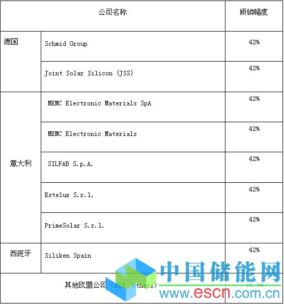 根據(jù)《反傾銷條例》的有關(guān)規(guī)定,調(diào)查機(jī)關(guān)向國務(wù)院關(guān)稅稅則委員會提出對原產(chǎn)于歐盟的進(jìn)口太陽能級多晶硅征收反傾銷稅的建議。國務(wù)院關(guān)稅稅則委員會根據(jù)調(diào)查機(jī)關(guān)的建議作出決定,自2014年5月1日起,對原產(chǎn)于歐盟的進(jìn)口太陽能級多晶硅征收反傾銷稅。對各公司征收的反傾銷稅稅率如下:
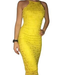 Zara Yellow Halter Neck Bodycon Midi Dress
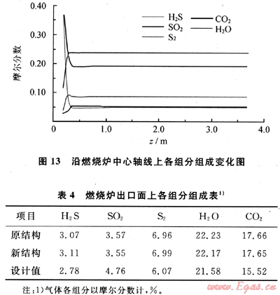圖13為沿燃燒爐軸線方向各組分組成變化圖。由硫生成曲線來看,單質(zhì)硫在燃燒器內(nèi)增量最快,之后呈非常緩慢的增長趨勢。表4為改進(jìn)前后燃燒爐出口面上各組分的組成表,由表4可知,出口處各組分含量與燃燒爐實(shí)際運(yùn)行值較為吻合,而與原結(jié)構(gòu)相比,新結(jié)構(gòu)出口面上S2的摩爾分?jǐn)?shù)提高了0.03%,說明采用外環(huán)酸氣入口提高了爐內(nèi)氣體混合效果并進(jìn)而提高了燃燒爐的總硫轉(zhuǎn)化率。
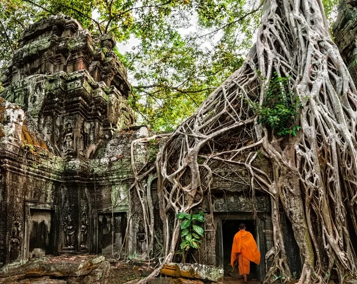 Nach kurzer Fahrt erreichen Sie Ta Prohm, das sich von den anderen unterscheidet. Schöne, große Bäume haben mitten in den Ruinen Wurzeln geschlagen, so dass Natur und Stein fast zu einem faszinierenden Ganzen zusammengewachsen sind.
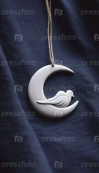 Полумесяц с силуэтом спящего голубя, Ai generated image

==

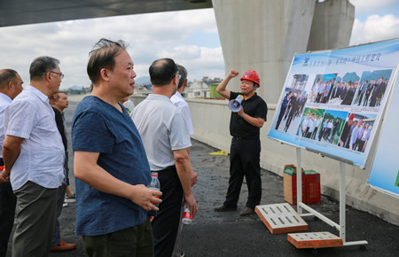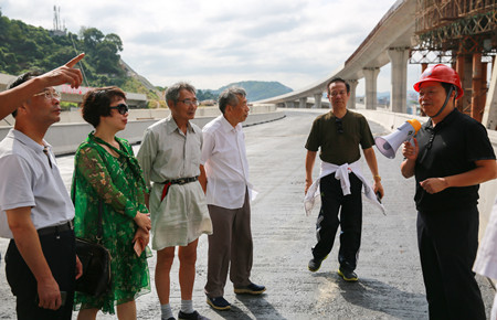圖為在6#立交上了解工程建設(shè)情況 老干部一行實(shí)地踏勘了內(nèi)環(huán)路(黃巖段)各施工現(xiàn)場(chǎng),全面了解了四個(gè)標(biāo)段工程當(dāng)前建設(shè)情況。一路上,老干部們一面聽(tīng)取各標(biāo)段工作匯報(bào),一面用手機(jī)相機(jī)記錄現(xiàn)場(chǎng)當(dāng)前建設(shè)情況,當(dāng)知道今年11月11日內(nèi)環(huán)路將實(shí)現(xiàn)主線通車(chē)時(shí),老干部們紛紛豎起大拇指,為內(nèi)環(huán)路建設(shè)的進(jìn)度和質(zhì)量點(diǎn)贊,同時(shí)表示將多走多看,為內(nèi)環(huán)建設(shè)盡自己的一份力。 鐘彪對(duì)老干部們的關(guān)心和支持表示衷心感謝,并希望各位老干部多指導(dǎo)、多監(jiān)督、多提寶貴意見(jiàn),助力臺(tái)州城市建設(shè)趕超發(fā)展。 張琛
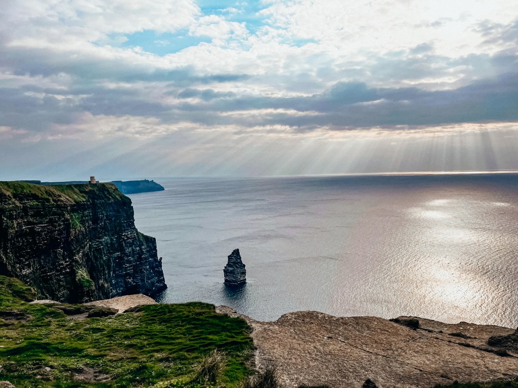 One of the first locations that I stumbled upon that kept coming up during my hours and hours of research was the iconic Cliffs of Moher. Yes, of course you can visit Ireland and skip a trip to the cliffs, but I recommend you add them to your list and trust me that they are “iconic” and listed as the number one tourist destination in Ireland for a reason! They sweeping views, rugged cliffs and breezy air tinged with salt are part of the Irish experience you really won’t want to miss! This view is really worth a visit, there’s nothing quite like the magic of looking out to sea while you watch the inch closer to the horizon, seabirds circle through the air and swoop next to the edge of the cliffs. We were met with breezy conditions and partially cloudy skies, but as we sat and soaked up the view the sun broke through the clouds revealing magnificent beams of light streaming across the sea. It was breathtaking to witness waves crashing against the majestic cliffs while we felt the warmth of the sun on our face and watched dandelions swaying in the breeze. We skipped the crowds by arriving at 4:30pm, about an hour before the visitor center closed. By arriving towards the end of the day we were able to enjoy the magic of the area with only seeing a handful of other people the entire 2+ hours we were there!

--- Goal of the exercise ---
Starting with the line above that holds "根據(jù)《反傾銷條例》的", restate each line word for word up to and including the line that holds "Полумесяц с силуэтом". Drop the pictures.

--- Solution ---
 根據(jù)《反傾銷條例》的有關(guān)規(guī)定,調(diào)查機(jī)關(guān)向國務(wù)院關(guān)稅稅則委員會提出對原產(chǎn)于歐盟的進(jìn)口太陽能級多晶硅征收反傾銷稅的建議。國務(wù)院關(guān)稅稅則委員會根據(jù)調(diào)查機(jī)關(guān)的建議作出決定,自2014年5月1日起,對原產(chǎn)于歐盟的進(jìn)口太陽能級多晶硅征收反傾銷稅。對各公司征收的反傾銷稅稅率如下:
 Zara Yellow Halter Neck Bodycon Midi Dress
圖13為沿燃燒爐軸線方向各組分組成變化圖。由硫生成曲線來看,單質(zhì)硫在燃燒器內(nèi)增量最快,之后呈非常緩慢的增長趨勢。表4為改進(jìn)前后燃燒爐出口面上各組分的組成表,由表4可知,出口處各組分含量與燃燒爐實(shí)際運(yùn)行值較為吻合,而與原結(jié)構(gòu)相比,新結(jié)構(gòu)出口面上S2的摩爾分?jǐn)?shù)提高了0.03%,說明采用外環(huán)酸氣入口提高了爐內(nèi)氣體混合效果并進(jìn)而提高了燃燒爐的總硫轉(zhuǎn)化率。
 Nach kurzer Fahrt erreichen Sie Ta Prohm, das sich von den anderen unterscheidet. Schöne, große Bäume haben mitten in den Ruinen Wurzeln geschlagen, so dass Natur und Stein fast zu einem faszinierenden Ganzen zusammengewachsen sind.
 Полумесяц с силуэтом спящего голубя, Ai generated image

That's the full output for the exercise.